In case all of the above said is true and the files are included (and are up-to-date), you can skip to the step 2.
If the wiki_db/cs
folder is empty, download the sql dumps from https://dumps.wikimedia.org/cswiki/
. It has been tested that the latest
folder is usually incomplete, therefore, use the latest dump named by numbers only.
Download only those tables: categorylinks
, page
, redirect
. And put them into the wiki_db/cs
folder.
Go to the wiki_db
folder and run in terminal: <dir to wiki_db>/sql2redis_cs.bash
.
This script takes the sql dumps in wiki_db/cs as input and converts them into a redis mass-insert file. Also note that for different sql, dumps just change names in the bash script.
If lemm_redis.txt
is missing as well, follow the instructions in: https://github.com/wattik/word-lemmatisation.
Assuming a redis server is running, to insert a redis file into redis run:
cat <dir to wiki_db>cs/page_redis.txt | redis-cli --pipe
cat <dir to wiki_db>cs/categorylinks_redis.txt | redis-cli --pipe
cat <dir to wiki_db>cs/redirects_redis.txt | redis-cli --pipe
cat <dir to wiki_db>cs/lemm_redis.txt | redis-cli --pipe
Now redis includes all data.
There are several tasks one require from the module, however, two general ways are suggested: estimate a topic of a specific text, or run the estimator for several csv file.
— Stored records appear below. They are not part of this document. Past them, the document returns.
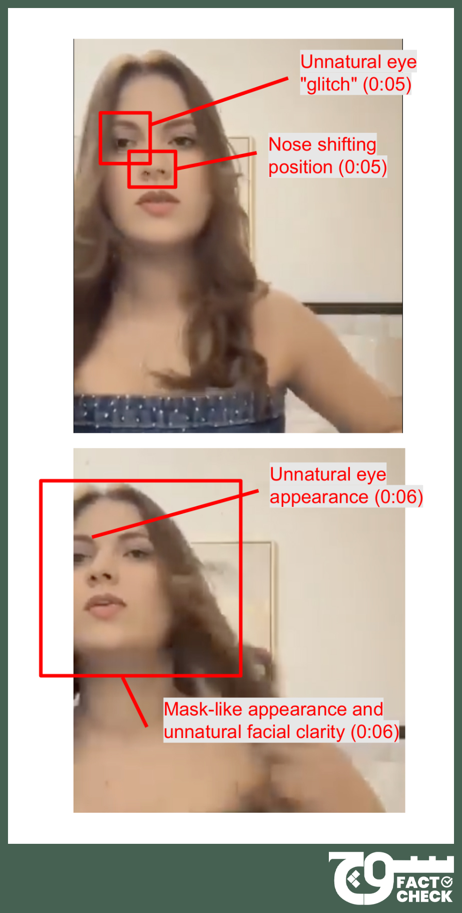 For example, “the subject’s face is unnaturally clear visually, despite the blurred surrounding appearance”, the GODDS analysts said. Her “eye appears to shift to be in two slightly different positions simultaneously” at the 0:04 and 0:05 markers, they added, noting that it “appears almost as a ‘glitch,’ instead of blurred features caused by movement”.
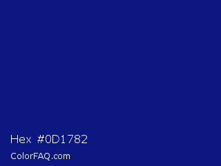 Hex #0d1782 Color is a dark blue color and the nearest color is Dark Imperial Blue #00147e. Hex code #0d1782 and RGB value is rgb(13,23,130). In RGB color space, this color is composed of 5% red, 9% green, 51% blue, In CMYK color space, this color is composed of 90% cyan, 82% magenta, 0% yellow , 49% black , In HSL color space, this color has a hue angle of 235° , 82% saturation and 28% lightness.
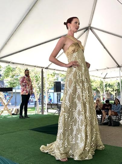 Golden Goddess--Model Amanda Fields Bennett wearing NIKOLAKI gold colored sequined silk chiffon gown with draped silk charmeuse top, as Nick Verreos introduces her--FIDM Los Angeles "3 Days of Fashion" 2018
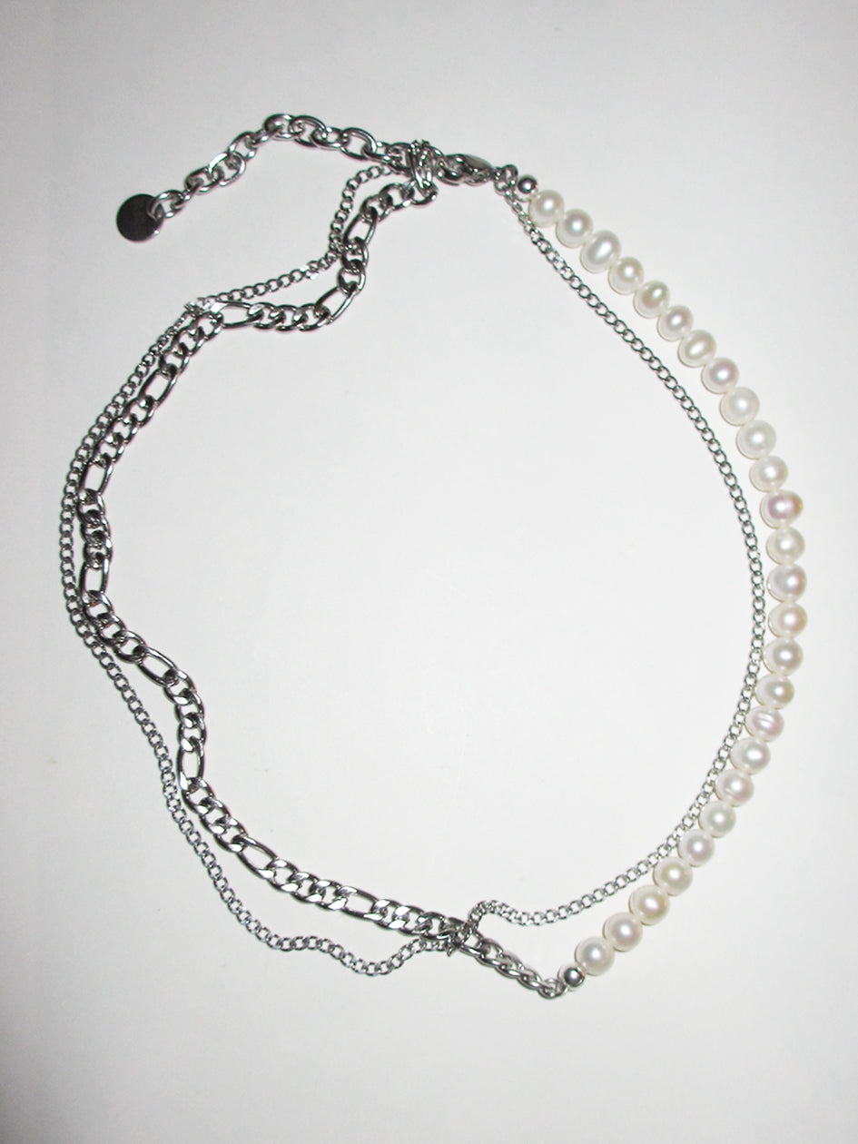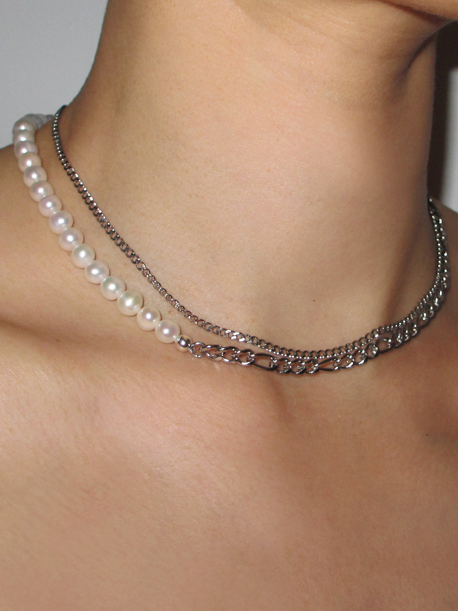 THE DUPLUS FRESHWATER PEARL FIGARO CHOKER combines white freshwater pearls with a stainless steel figaro chain and delicate curb chain. This everyday essential instantly creates a layered look!
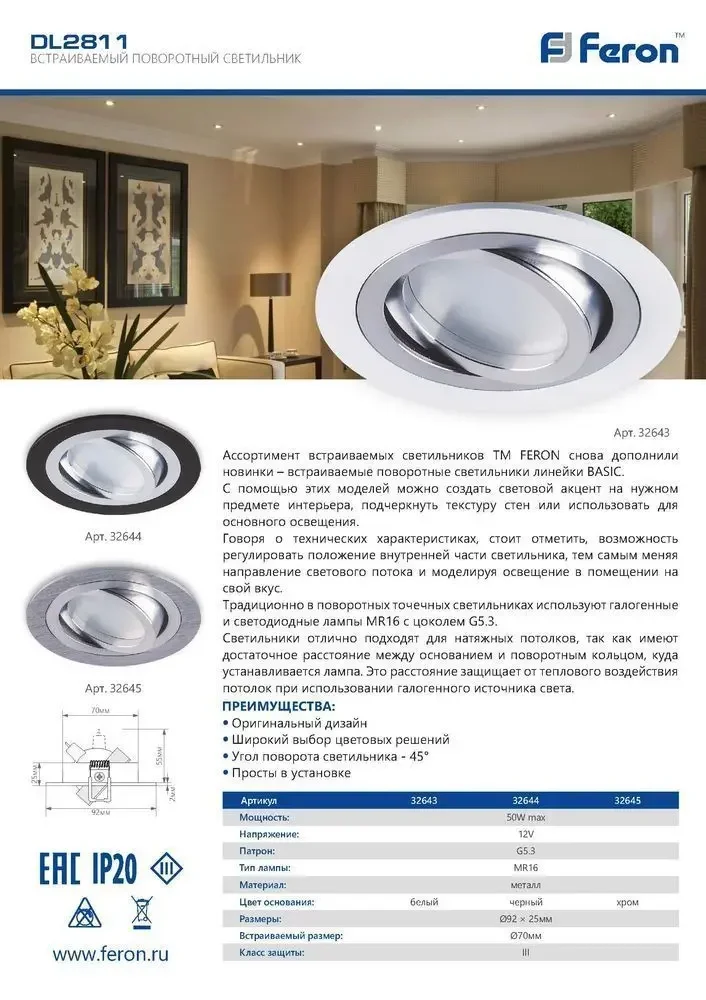 Светильник потолочный встраиваемый, MR16 G5.3, белый-хром DL2811

For simple topic estimation of a specific text, use get_topics.py. This file is listed in the root folder of the module and can be executed, for example, from terminal by:
python <dir to module>/get_topics.py "text"
The given shell input generates lines of text that will include:
- process info
- frequencies of topics generally
- frequencies of topics per level
- tree of topics
For scanning csv files, use analyze_csv.py located in the root directory of the module. Although this script cannot be executed from terminal without changes, these will be essentially straight forward.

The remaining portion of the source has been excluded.